BD : Avant l’heure du tigre

Auteurs : Collignon et Greiner
Editeur : Glénat


Avant l’heure du tigre, sous-titré La Voie Malraux (en référence à son premier roman, La Voie royale, en 1930), retrace un méfait de jeunesse notoire du grand intellectuel français. Mais c’est au travers de celle qui deviendra son épouse qu’on suit le récit : Clara Goldschmidt. Jeune traductrice cultivée, c’est elle qui transmettra à son amant sa passion pour l’art khmer. Pour éviter le déshonneur sur la famille de Clara, les tourtereaux annonceront un mariage qu’ils n’envisagent pas comme durable. Ruiné par de mauvais placements boursiers, ayant une aversion du travail mais un goût pour l’aventure, André Malraux convaincra sa belle (de manière peu orthodoxe) de vendre ses diamants pour financer une expédition aux temples d’Angkor. Il envisage d’y dérober des bas reliefs pour les revendre à des collectionneurs américains, se persuadant par la même occasion tirer de l’oubli des trésors oubliés de civilisations ancestrales. Clara protestera tout d’abord, estimant qu’il s’agit de pillage, tout en étant évidemment également très attirée par ce voyage dont elle rêve depuis si longtemps. La splendeur des vieilles pierres dans la jungle dépassera tout ce qu’elle a pu imaginer. La méfiance policière apportera quant à elle son lot de suspense dans cette épopée exotique qui ne s'achèvera pas comme prévu. 
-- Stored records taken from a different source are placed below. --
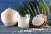 Zdjęcie "Cukierki w płatki kokosowe, szklankę mleka i świeżego kokosa na ciemnym tle drewniane" może być wykorzystywane do celów osobistych i komercyjnych zgodnie z warunkami zakupionej licencji Royalty-free. Obraz jest dostępny do pobrania w jakości wysokiej rozdzielczości do 5760x3840.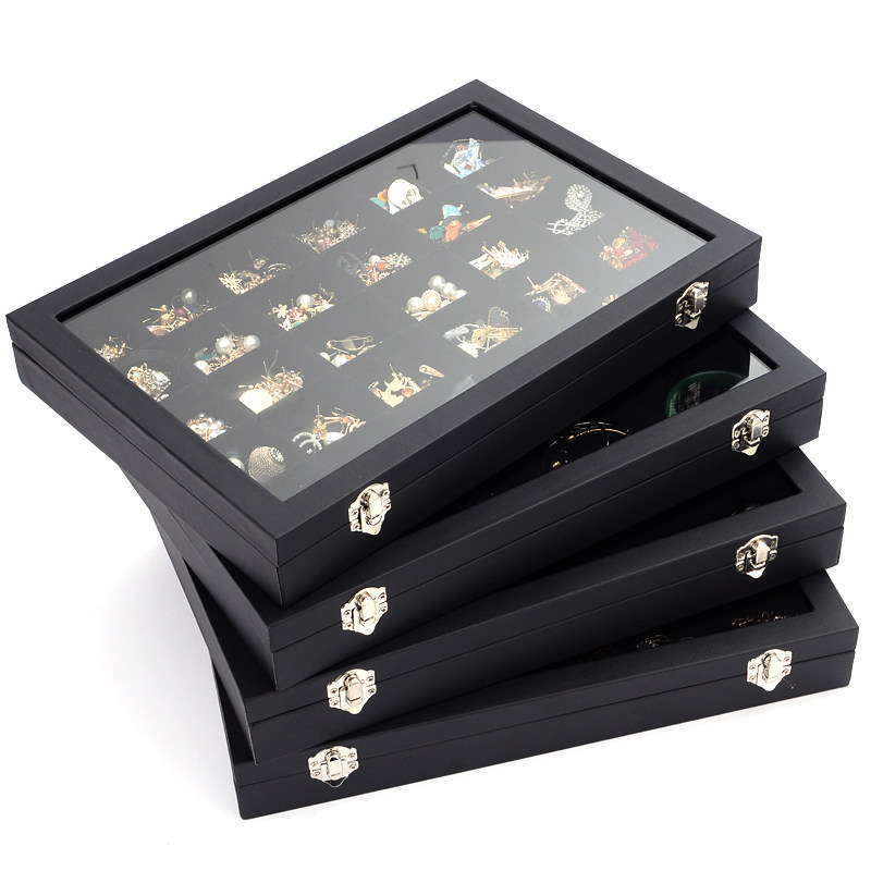 Черное ювелирное украшение, ожерелье, кольцо, серьги, браслет из грецкого ореха, система хранения, стеклянный стенд
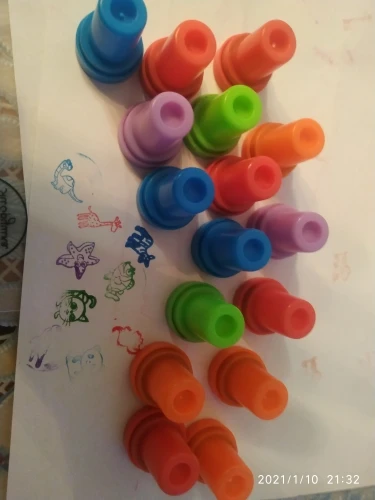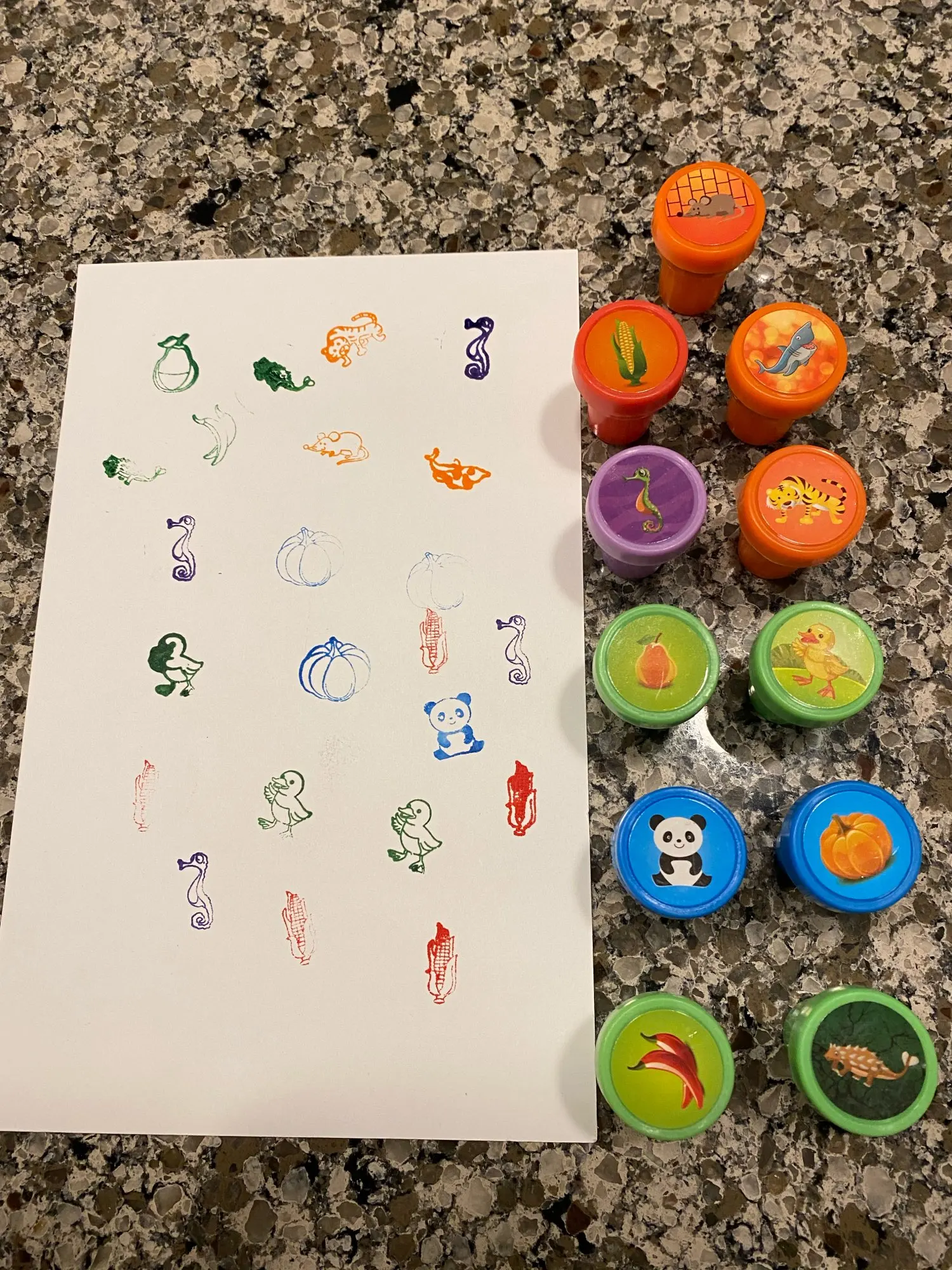 Все супер. Динозаврики класні, стемпи трішки деякі залишають багато фарби, через що розпливається зображення. Але загалом все добре

Si Virginie Greiner et Daphné Collignon semblent partager une admiration pour cette femme qui s’émancipe dans le Paris et se risque dans le Cambodge des années 1920, elles ne font en outre pas de concessions flatteuses envers le personnage masculin. On peine même à trouver des qualités à ce jeune homme pédant, machiste et voyou… qui deviendra pourtant plus tard l’auteur de La Condition humaine (1933), le militant antifasciste et le ministre de la Culture que l’on sait.

Daphné Collignon nous avait habitués ces dernières années à davantage d’audace graphique. On la retrouve ici avec un trait crayonné ou encré de facture plus classique (m’évoquant souvent Christian Cailleaux, dessinateur de R97 - Les hommes à terre entre autres), mais pleinement au service de l’histoire. Seules les scènes oniriques de Clara, qui viennent ponctuer les chapitres, rappellent la veine plus personnelle de Coelacanthes ou Sirène.

Un récit de voyage mythique, plaisant à lire dans cette bande dessinée de 168 pages en noir et blanc élégant.